◆ Exercise ◆
With the pictures left out, set down the line containing "Safe Decor for" and each line after it to the end of the material, exactly as written.

◆ Data segment ◆
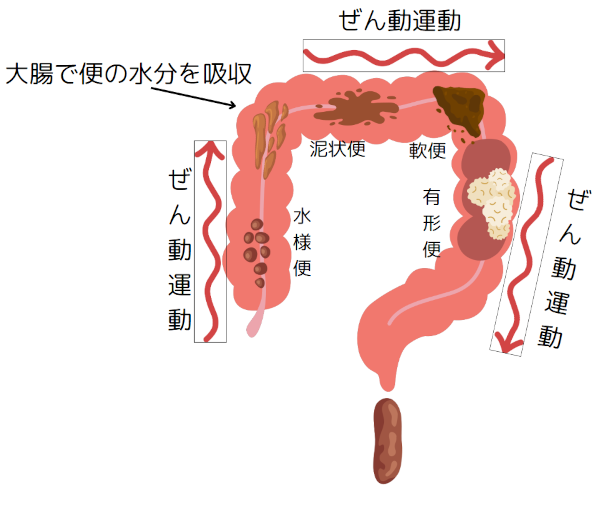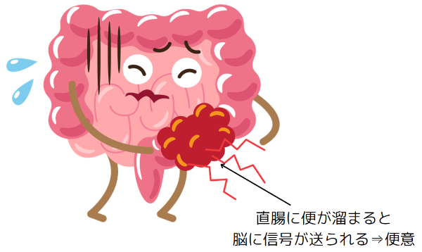 排便のメカニズムは、大腸内を進んだ便が直腸に到達し、そこが膨らむことで便意を感じるという流れです。
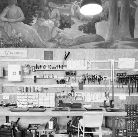 Ce travail s'est appuyé un ensemble de ressources ; la documentation de l’existant recherchée aux archives de la mairie de Gentilly 7, les quelques récits du gardien de l’école et des différentes personnes présentes sur ou autour du site 8 et les nombreuses visites du site. J’ai tenté d’explorer l’existant et le projet par divers mediums comme la photographie, la maquette et le dessin. Ils m’ont amenée à regarder, cadrer, fragmenter... Un long travail de compréhension du bâti a occupé la première partie de l’année. Il a été la première approche du lieu.
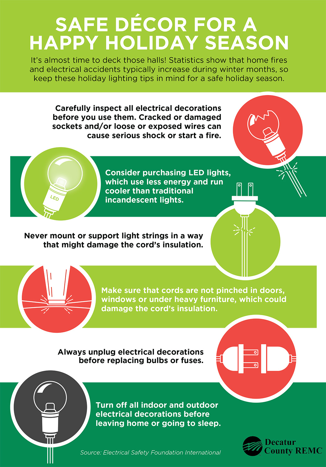 Safe Decor for a Happy Holiday Season By Ellie Schuler Posted on Nov 15 2018 in Decatur County REMC Related Stories Unclaimed capital credits Powering progress Join us for Cocoa and Cookies on Dec. 16
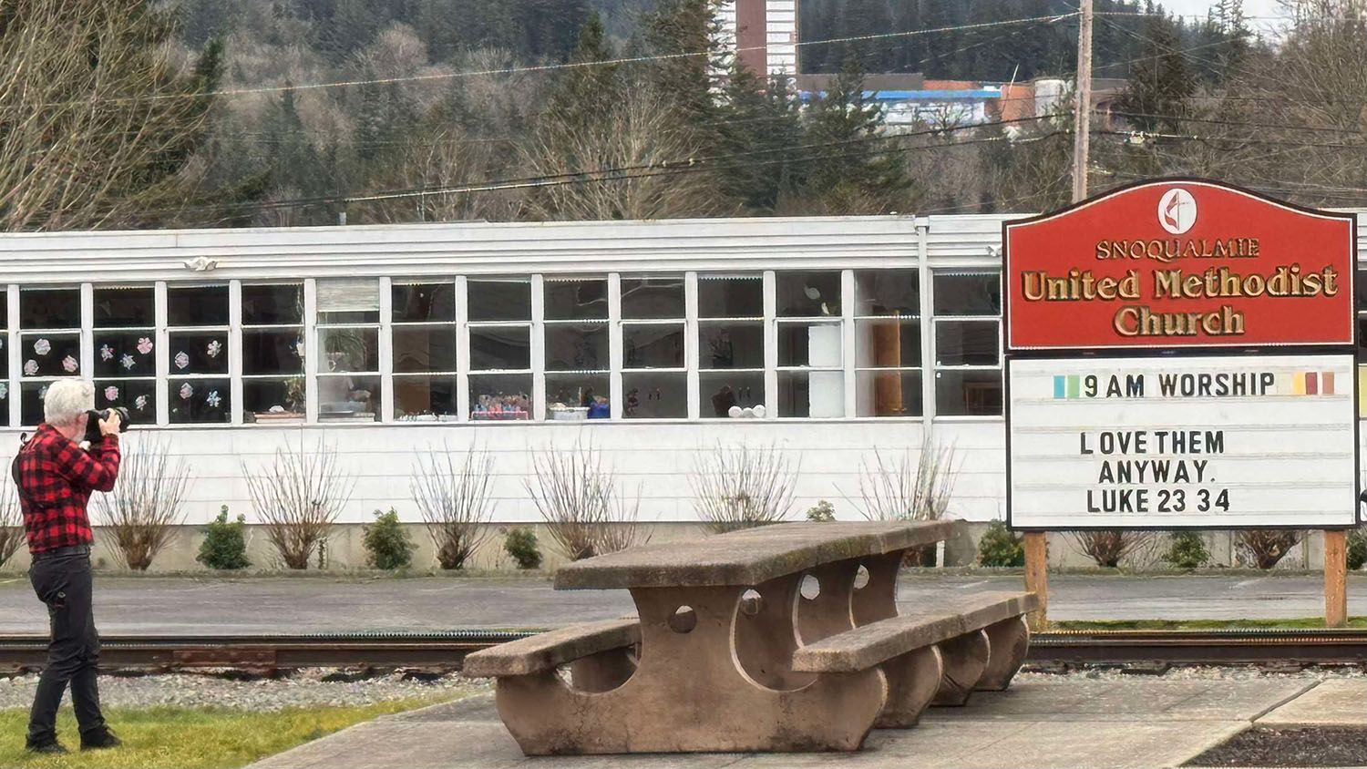 Before going inside, I snapped this photo of the Snoqualmie United Methodist Church as I liked the phrase posted on their announcement board – “Love them anyway.” I felt it was akin to Gordon Coles’s now iconic “Fix your hearts or die” phrase uttered during the show’s third season.

◆ Task result ◆
 Safe Decor for a Happy Holiday Season By Ellie Schuler Posted on Nov 15 2018 in Decatur County REMC Related Stories Unclaimed capital credits Powering progress Join us for Cocoa and Cookies on Dec. 16
 Before going inside, I snapped this photo of the Snoqualmie United Methodist Church as I liked the phrase posted on their announcement board – “Love them anyway.” I felt it was akin to Gordon Coles’s now iconic “Fix your hearts or die” phrase uttered during the show’s third season.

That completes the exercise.